Merde alors !

J’espère que vous me pardonnerez cette exclamation pour le moins vulgaire ou grossière, au choix, quand vous aurez lu ce billet…

Si j’en crois toutes les expressions auxquelles est associé ce gros excrément de l’homme, appelée aussi matière fécale, elle a une place importante dans notre vie, pour exemple :

Semer la merde, foutre la merde, se prendre pour de la merde, être dans la merde, avoir de la merde dans les yeux, couvrir quelqu’un de merde, avoir le nez dans sa merde, on a un œil qui dit merde à l’autre, être fouille-merde…

Il est temps de lui rendre ses lettres de noblesse, que Cambronne à lui tout seul n’a pas su lui donner !

C’est une matière composée à 85 % de cellulose et de fibres musculaires non digestibles, de 5 % d’azote, 3 % de phosphore, 2 % de potassium. Au XVIIe siècle, on s’intéresse aux excréments, le livre « la pharmacie de la merde » étudie les possibilités de guérison qu’ils offrent. Aujourd’hui, son observation informe sur la santé, c’est un matériel clé pour de nombreux diagnostics, biochimique, parasitologie, virologie, bactériologie.

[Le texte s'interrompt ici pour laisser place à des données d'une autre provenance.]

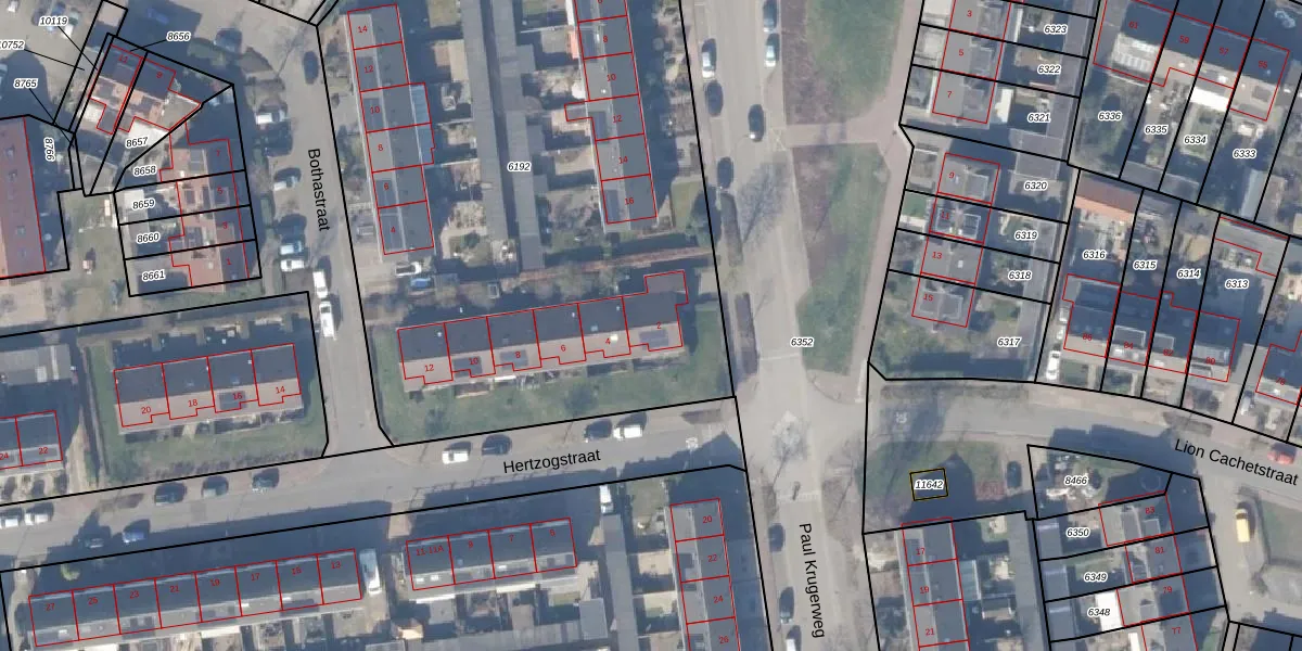 Het perceel waarop Hertzogstraat 2 staat heeft een oppervlakte van 3963 m². Dit is een zeer groot perceel. De perceeloppervlakte wordt geregistreerd door het Kadaster. Gedetailleerde informatie over de maten van dit perceel kunt u vinden in het rapport Kadastrale kaart met maatvoering van Hertzogstraat 2.

Depuis l’Antiquité, les excréments ont été utilisés comme engrais agricoles, souvent considérés comme les meilleurs ! Jusqu’à la fin du XIXe siècle les déchets des villes étaient récupérés dans les campagnes, les engrais chimiques ont tué cette synergie ville campagne.

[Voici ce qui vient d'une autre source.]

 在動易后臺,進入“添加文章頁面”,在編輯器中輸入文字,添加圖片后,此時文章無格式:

Jusqu’au XVIIIe siècle c’était à chacun sa merde, puis c’est devenu un problème de collectivité sur l’impulsion du baron Haussmann, en 1887, on a commencé à créer le tout-à-l’égout, pour en venir à une obligation d’assainissement individuel avec les fosses septiques, puisque jusqu’en 1992 20 % de la population n’avait pas de solution d’assainissement. À partir de 1960, les stations d’épuration vont aider au recyclage de ces matières qui possèdent un potentiel énergétique et nutritif intéressant. Mais il y a un sérieux blocage psychologique pour les utiliser au maximum, le principal débouché c’est leur transformation en eau.

Le principe est simple : les déchets sont chauffés, on recueille la vapeur, on filtre pour obtenir de l’eau potable, les résidus sont brûlés, leur fumée approvisionne un générateur d’électricité, la machine s’autoalimente.

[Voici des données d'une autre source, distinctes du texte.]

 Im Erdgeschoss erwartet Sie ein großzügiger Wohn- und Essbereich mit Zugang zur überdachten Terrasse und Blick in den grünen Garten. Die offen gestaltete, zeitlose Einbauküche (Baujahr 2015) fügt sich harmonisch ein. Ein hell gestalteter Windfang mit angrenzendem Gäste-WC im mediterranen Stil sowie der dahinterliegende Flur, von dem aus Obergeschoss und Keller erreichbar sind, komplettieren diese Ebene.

Ces mêmes résidus peuvent devenir des matériaux de construction une fois séchés en briques, ou ajoutés à du ciment, en Suisse on récupère les cendres pour extraire le phosphore transformé ensuite en engrais. Au Rwanda, les prisons sont alimentées en énergie à partir des excréments des détenus transformés en biogaz inodore. En Israël, les eaux usées deviennent de la pâte à papier exportée jusqu’au Mexique et en Hongrie. À Bristol, « les biobus » circulent grâce aux excréments humains après retraitement des eaux usées.

La NASA s’en occupe pour le confort de ses astronautes dans l’espace, les seules choses nocives qu’elle contient ce sont des restes de médicaments, une fois retirés, on obtient un fertilisant parfait, c’est presque un cycle fermé !

En ces temps d’urgence d’économie d’énergie, peut-être que le kit individuel de recyclage de ses excréments, proposé par la start-up « Univers-selle », prendra-t-il l’extension qu’il mérite, je vous avais prévenu, notre caca vaut déjà de l’or et mérite bien sa réhabilitation.